For this exercise, repeat the records below exactly and omit every picture.

*** Begin section ***

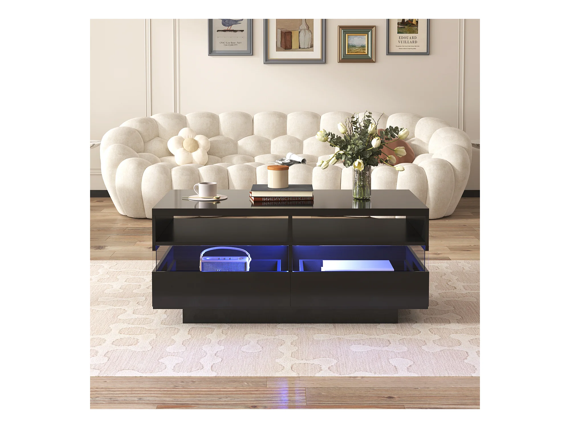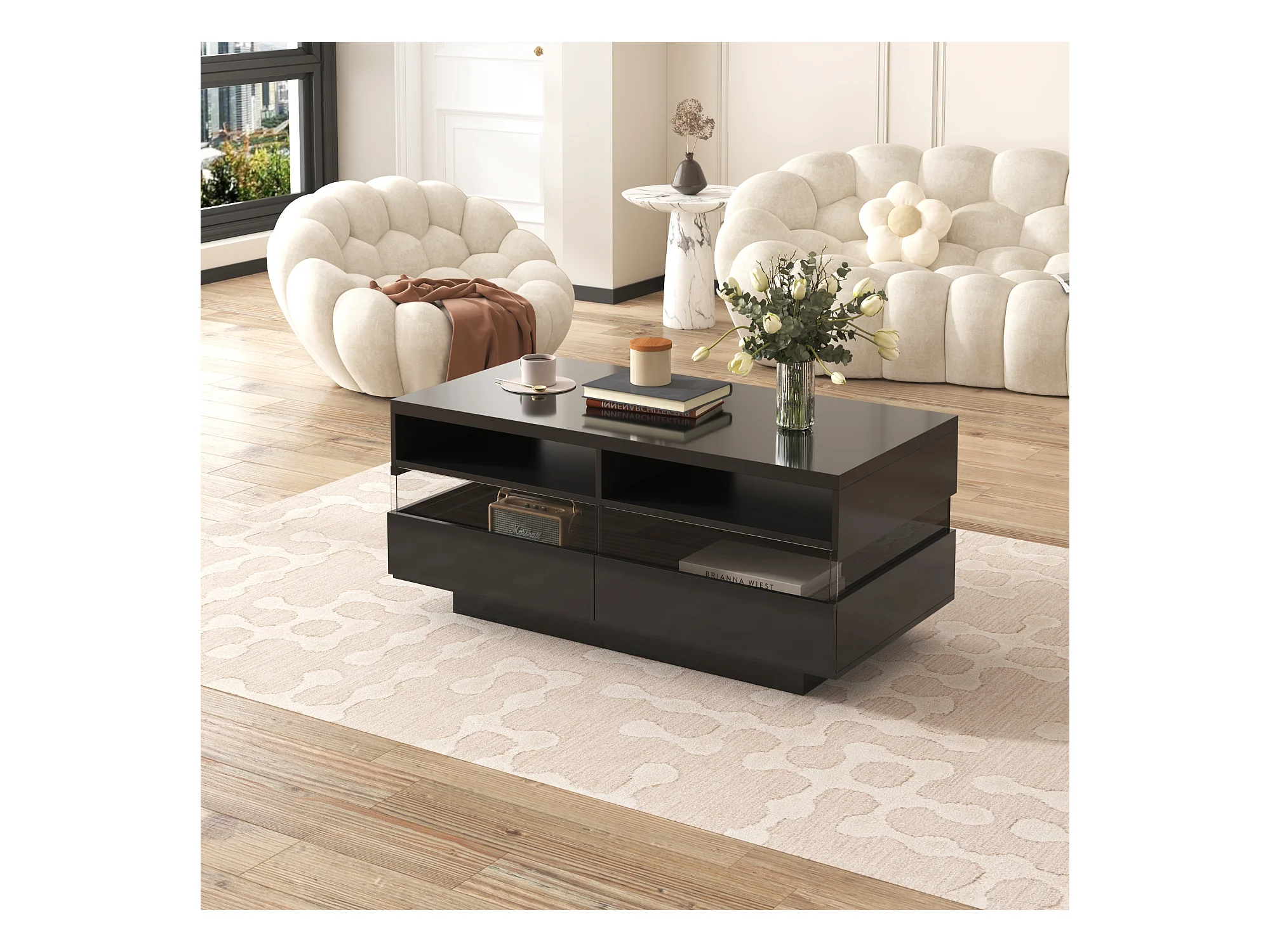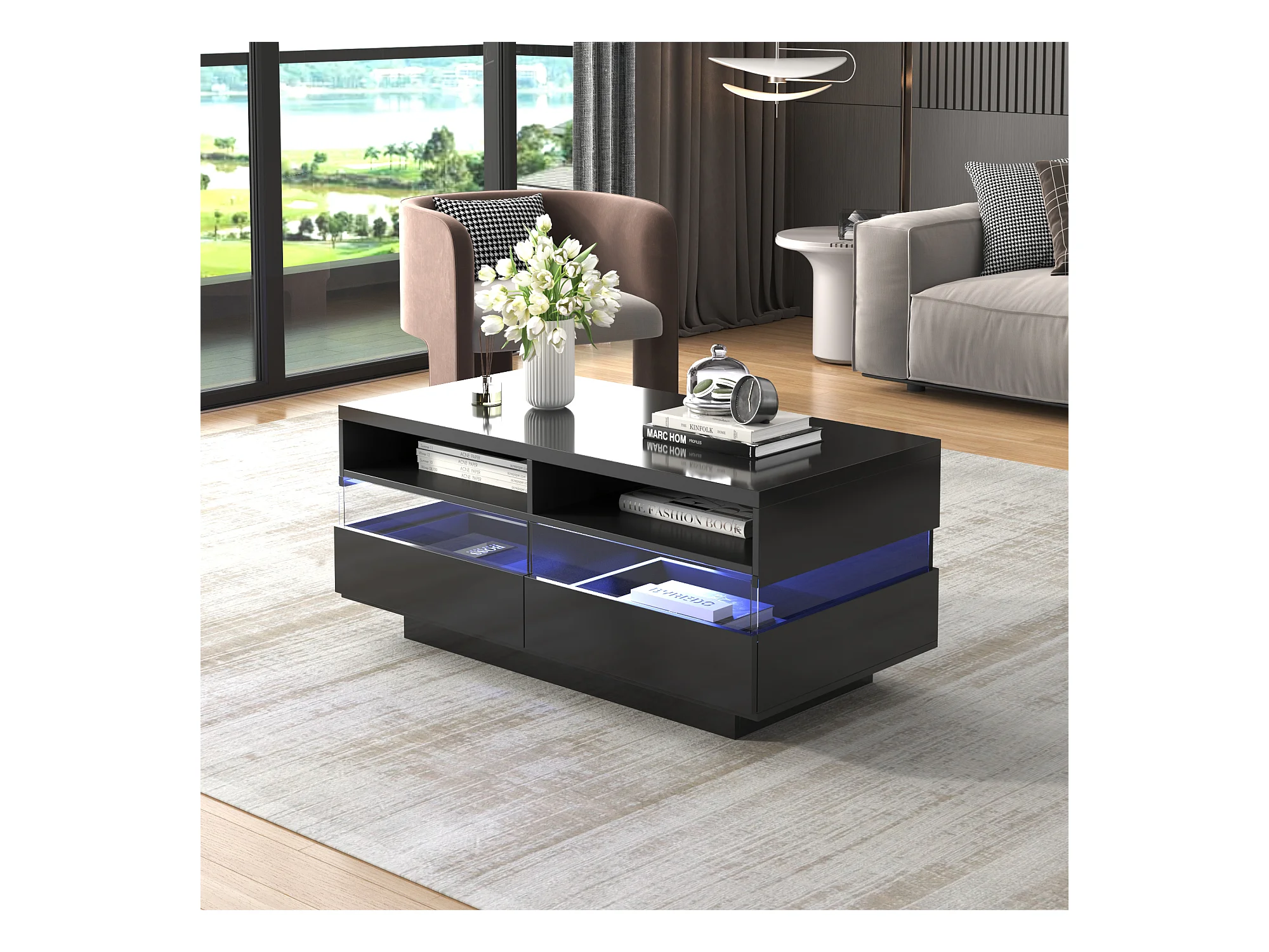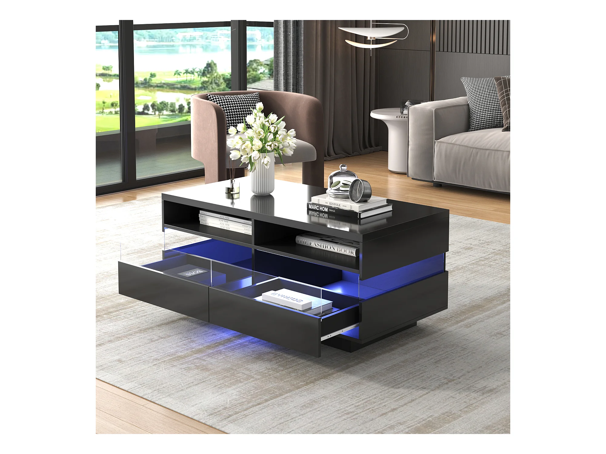 Table basse moderne avec 2 tiroirs et 2 compartiments, haute brillance, LEDs, bois panneaux de particules, noir
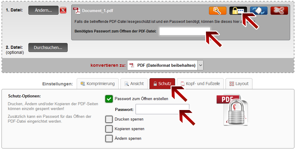 Alle Konvertierungen erfolgen online - somit wird keine Installation einer Software benötigt! Der gesamte Vorgang geschieht innerhalb kürzester Zeit und mit verständlicher Bedienoberfläche. Insgesamt werden 16 nützliche Funktionen zur Verfügung gestellt, die alle in einer einzigen Benutzeroberfläche integriert sind und daher miteinander kombiniert werden können: Konvertierung zu PDF (mehrere gleichzeitig) Datei teilen PDF entsperren Passwort ändern Ansicht anpassen pro Blatt |
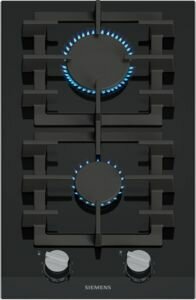 Domino-Gaskochfeld mit Glaskeramik- Oberfläche und stepFlame-Technologie zur präzisen Steuerung der Flamme, abnehmbaren Schwertknebeln und spülmaschinengeeigneten Topfträgern.
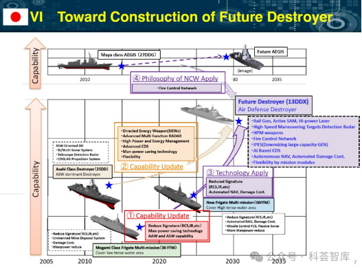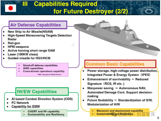 新型驱逐舰将以防空和电子战为核心任务,具备一体化防空反导、反高超能力。其概念设计将借鉴“朝日”级驱逐舰和“最上”级护卫舰,采用紧凑型舰体设计,进一步提高隐身性和自动化水平;同时,将集成综合电力与能源系统(高压配电)、无人系统、高能武器、人工智能等先进技术,提高在反介入/区域拒止环境中的生存和作战能力。此外,新型驱逐舰具备较大改装裕量,可为后续技术更新、集成新装备奠定基础,满足持续升级、兼容性、拓展性需求。
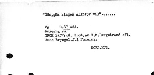 //// "Göm,göm ringen alltför väl"....... //// Vg D.87 add. //// Fuxema sn. //// IFGH 3A72:4%. Uppt.av C.M.Bergstrand eft. //// Anna Bryngel.f.i Fuxema. //// NORD.MUS. ////
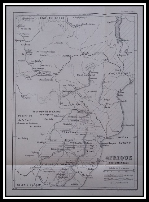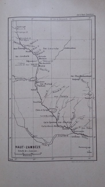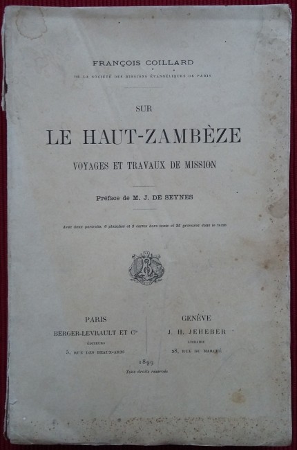 "Sur le haut ZAMBEZE. Voyages et travaux de mission. Preface de M. J. De Seynes. Avec deux portraits, 6 planches et 2 cartes hors texte et 25 gravures dans le texte."; Paperback; Collation complete - XXIX + 694 pages; Text in French; Paperback covers with little wetting and light foxing. Spine with tear to the top. Text block/pages complete and in very good condition, with occasional light foxing and yellowing. Some pages are untrimmed or with deckle edges.
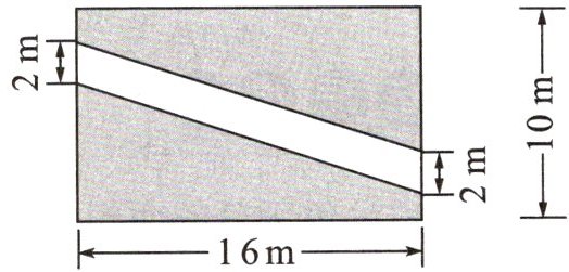 3. 如图,一块长方形草地的长是16米,宽是10米,中间铺了一条平行四边形石子路。草坪(涂色部分)的面积是多少平方米?

*** End section ***

● Exercise output
 Table basse moderne avec 2 tiroirs et 2 compartiments, haute brillance, LEDs, bois panneaux de particules, noir
 Alle Konvertierungen erfolgen online - somit wird keine Installation einer Software benötigt! Der gesamte Vorgang geschieht innerhalb kürzester Zeit und mit verständlicher Bedienoberfläche. Insgesamt werden 16 nützliche Funktionen zur Verfügung gestellt, die alle in einer einzigen Benutzeroberfläche integriert sind und daher miteinander kombiniert werden können: Konvertierung zu PDF (mehrere gleichzeitig) Datei teilen PDF entsperren Passwort ändern Ansicht anpassen pro Blatt |
 Domino-Gaskochfeld mit Glaskeramik- Oberfläche und stepFlame-Technologie zur präzisen Steuerung der Flamme, abnehmbaren Schwertknebeln und spülmaschinengeeigneten Topfträgern.
 新型驱逐舰将以防空和电子战为核心任务,具备一体化防空反导、反高超能力。其概念设计将借鉴“朝日”级驱逐舰和“最上”级护卫舰,采用紧凑型舰体设计,进一步提高隐身性和自动化水平;同时,将集成综合电力与能源系统(高压配电)、无人系统、高能武器、人工智能等先进技术,提高在反介入/区域拒止环境中的生存和作战能力。此外,新型驱逐舰具备较大改装裕量,可为后续技术更新、集成新装备奠定基础,满足持续升级、兼容性、拓展性需求。
 //// "Göm,göm ringen alltför väl"....... //// Vg D.87 add. //// Fuxema sn. //// IFGH 3A72:4%. Uppt.av C.M.Bergstrand eft. //// Anna Bryngel.f.i Fuxema. //// NORD.MUS. ////
 "Sur le haut ZAMBEZE. Voyages et travaux de mission. Preface de M. J. De Seynes. Avec deux portraits, 6 planches et 2 cartes hors texte et 25 gravures dans le texte."; Paperback; Collation complete - XXIX + 694 pages; Text in French; Paperback covers with little wetting and light foxing. Spine with tear to the top. Text block/pages complete and in very good condition, with occasional light foxing and yellowing. Some pages are untrimmed or with deckle edges.
 3. 如图,一块长方形草地的长是16米,宽是10米,中间铺了一条平行四边形石子路。草坪(涂色部分)的面积是多少平方米?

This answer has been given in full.